Let's build a nearest neighbours regression model to predict the MPG of a car based on its other attributes. scikit-learn
supports decision tree functionality via the neighbors
subpackage. This subpackage supports both nearest neighbours regression and classification. We can use the KNeighborsRegressor
class to build our model.
KNeighborsRegressor
accepts a number of different hyperparameters and the model we build may be more or less accurate depending on their values. We can get a list of these modelling parameters using the get_params
method of the estimator (this works on any scikit-learn
estimator), like this:
In [ ]:
KNeighborsRegressor().get_params()
You can find a more detailed description of each parameter in the scikit-learn
documentation.
As we are dealing with several features of different scales, we should also rescale our features before fitting the model as the distance measures used by nearest neighbours can be sensitive to this. One way to do this is by standardizing the features prior to fitting the model using the StandardScaler
class. As with the classification example, we can create a pipeline to capture the series of transformation operations we want to apply before fitting the model, as shown below.
Let's use a grid search to select the optimal nearest neighbours regression model from a set of candidates. As before, we first define the parameter grid.
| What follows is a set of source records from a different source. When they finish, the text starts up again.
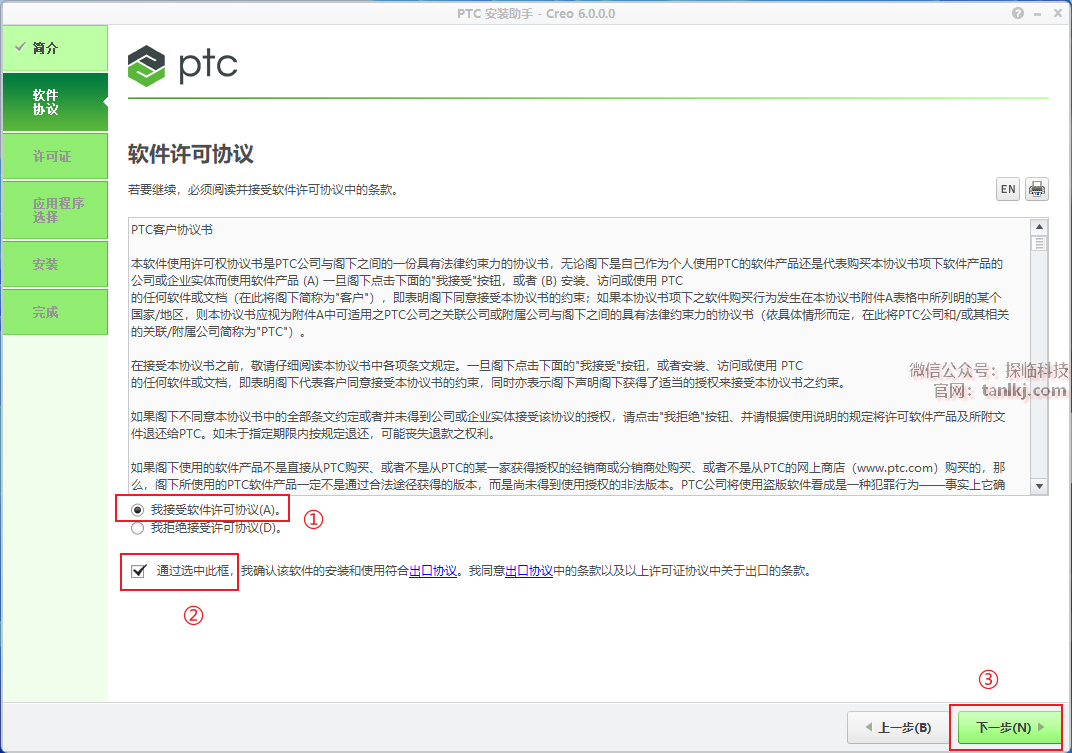 ①勾选【我接受软件许可协议】;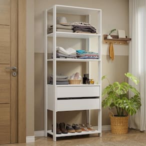- Um Closet aberto com duas gavetas e quatro prateleiras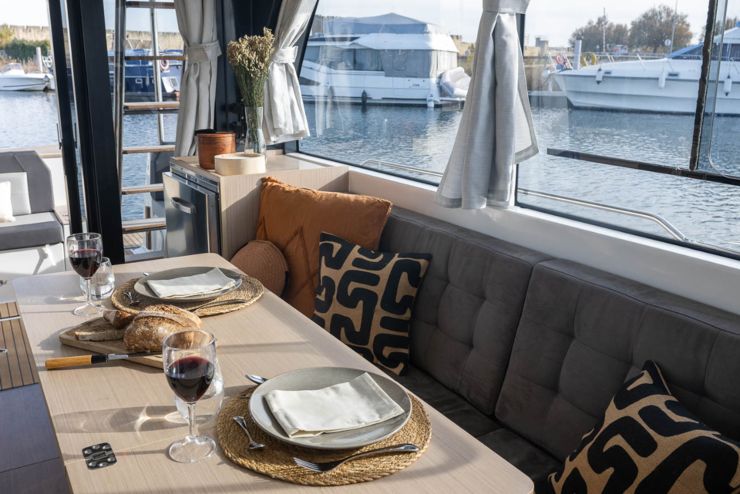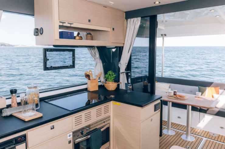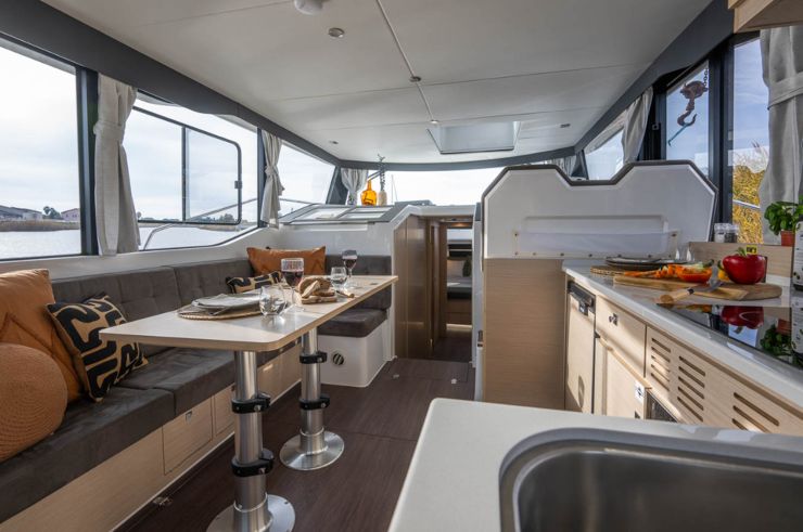 Il salone con divano a L, tavolo trasformabile e cucina completa sul ponte principale crea una continuità molto ben risolta fra area living e funzione di pilotaggio. Il risultato è uno spazio centrale che funziona davvero come cuore della barca: si governa, si cucina, si conversa, si vive. È qui che il Delphia 12 FlyLounge mostra la propria maturità progettuale.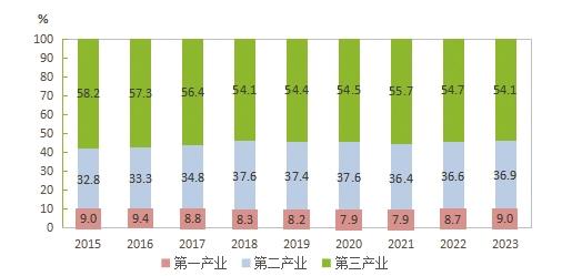 圖2 2015-2023年三次產業(yè)增加值占地區(qū)生產總值比重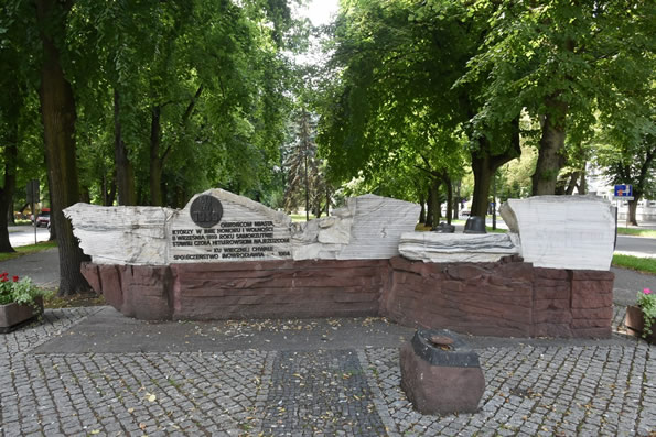pomnik ku pamięci Zygmunta Wilkońskiego z nową tablicą, odsłonięty 30 czerwca 1956 r. Pomnik ustawiono w miejscu zniszczonego podczas okupacji obelisku z 1937 r.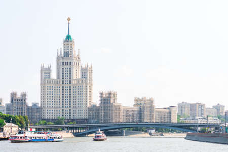 Beautiful view of Moscow. Stalinist residential building on Moscow River embankment. Russia.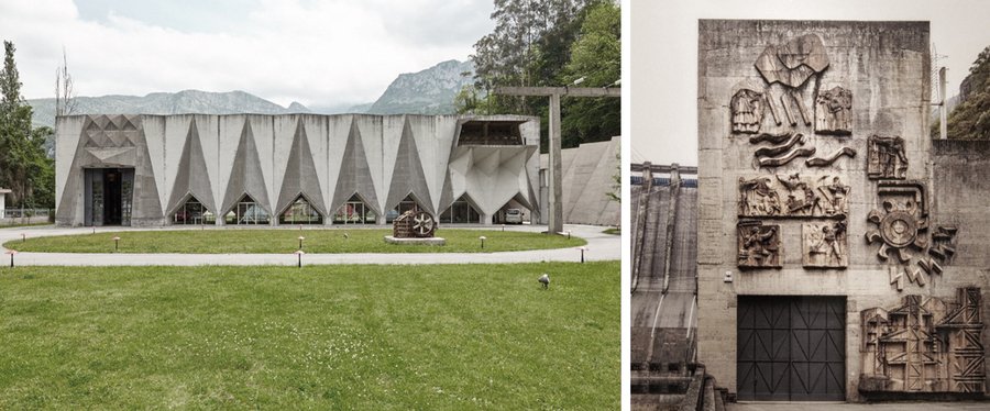 1-2.Фасад здания и интерьер ГЭС в Проасе, Испания, строительство в 1964–1968 гг. (арх. Хоакин Вакеро Паласиосу)

Then, we can use a grid search to select the best model via an inner cross validation and an outer cross validation to measure the accuracy of the selected model.
In [ ]:
X = df.drop('mpg', axis='columns') # X = features
y = df['mpg'] # y = prediction target
pipeline = make_pipeline(
StandardScaler(),
KNeighborsRegressor()
)
# Build models for different values of n_neighbors (k), distance metric and weight scheme
parameters = {
'kneighborsregressor__n_neighbors': [2, 5, 10, 15, 20],
'kneighborsregressor__metric': ['manhattan', 'euclidean'],
'kneighborsregressor__weights': ['uniform', 'distance']
}
# Use inner CV to select the best model
inner_cv = KFold(n_splits=5, shuffle=True, random_state=0) # K = 5
clf = GridSearchCV(pipeline, parameters, cv=inner_cv, n_jobs=-1) # n_jobs=-1 uses all available CPUs = faster
clf.fit(X, y)
# Use outer CV to evaluate the error of the best model
outer_cv = KFold(n_splits=10, shuffle=True, random_state=0) # K = 10, doesn't have to be the same
y_pred = cross_val_predict(clf, X, y, cv=outer_cv)
# Print the results
print('Mean absolute error: %f' % mean_absolute_error(y, y_pred))
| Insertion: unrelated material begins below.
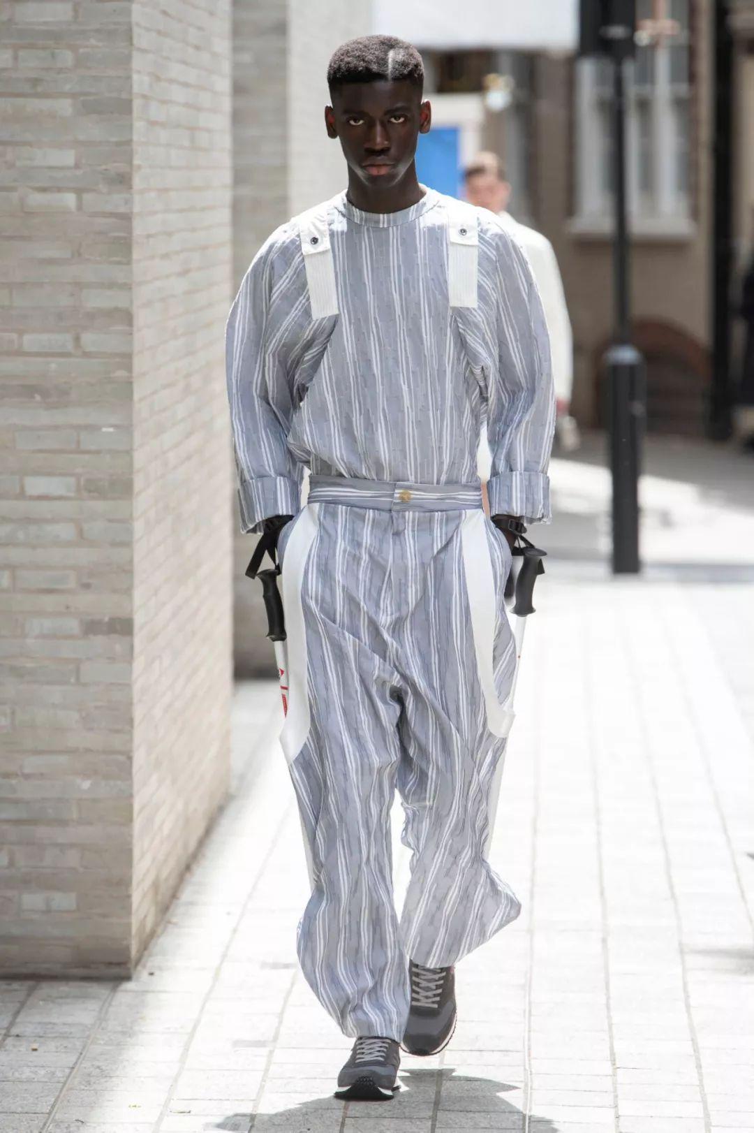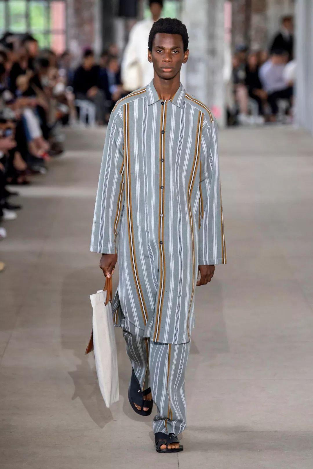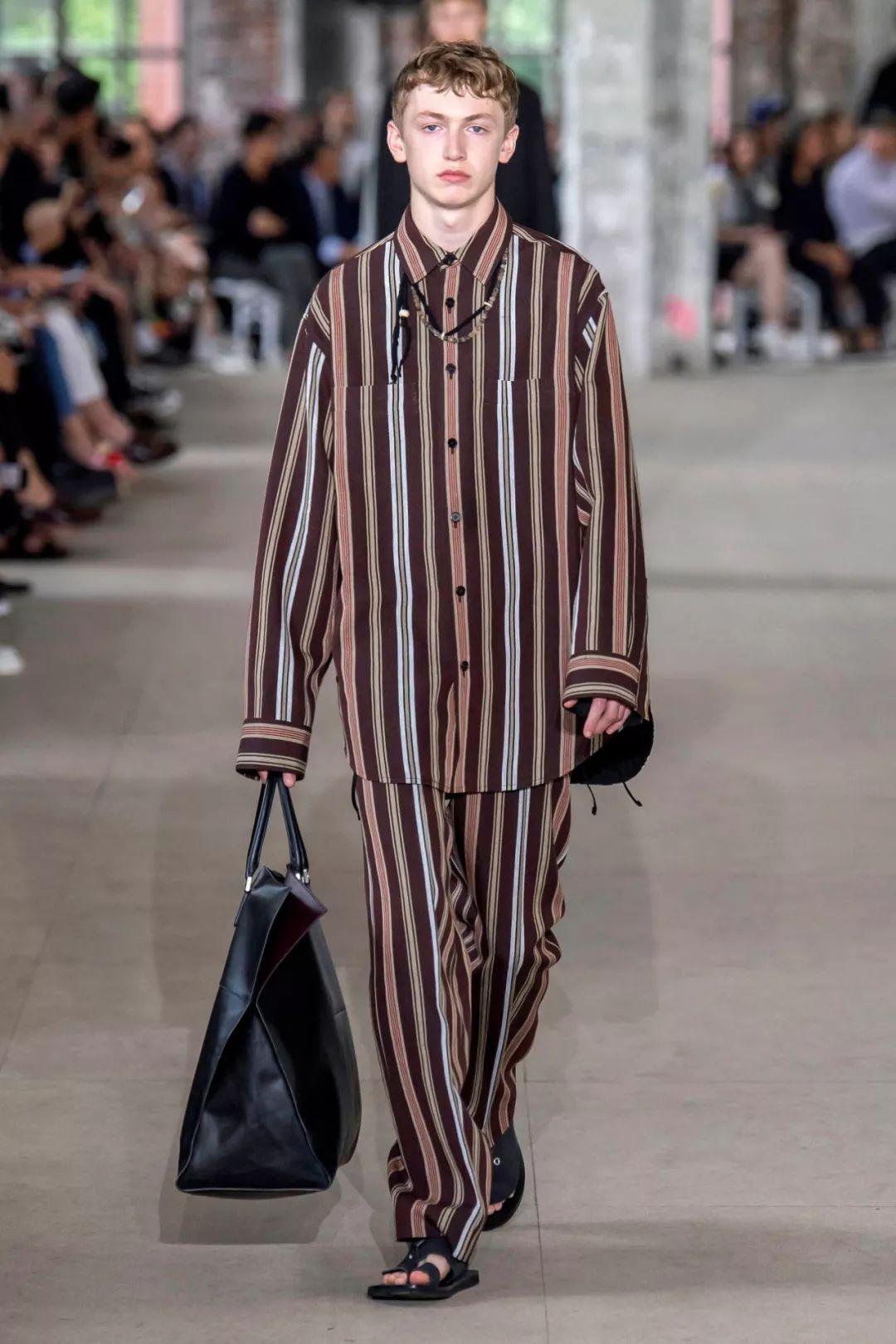 细条纹和睡衣服装趋势脱离正装,用于超大休闲服装时显得新潮现代。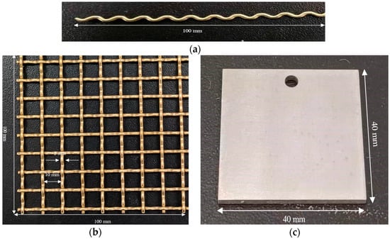 Experimental materials. (a) Copper alloy wire structure. (b) H62 copper alloy mesh. (c) D36 steel plate.

print('Standard deviation of the error: %f' % (y - y_pred).std())
ax = (y - y_pred).hist()
ax.set(
title='Distribution of errors for the nearest neighbours regression model',
xlabel='Error'
);
Our nearest neighbors regression model predicts the MPG with an average error of approximately ±1.99 with a standard deviation of 2.85, which is better than our final linear regression model from Lab 06 and comparable to our random forest regression model from Lab 07b. It's also worth noting that we were able to achieve this level of accuracy with very little feature engineering effort (albeit a little more than with decision tree regression). This is because the nearest neighbours algorithm does not rely on the same set of assumptions (e.g. linearity) as linear regression, and so is able to learn from data with less manual tuning.
We can check the parameters that led to the best model via the best_params_
attribute of the output of our grid search, as follows:
In [ ]:
clf.best_params_
Further improvements can be made by expanding the ranges of parameter grid values.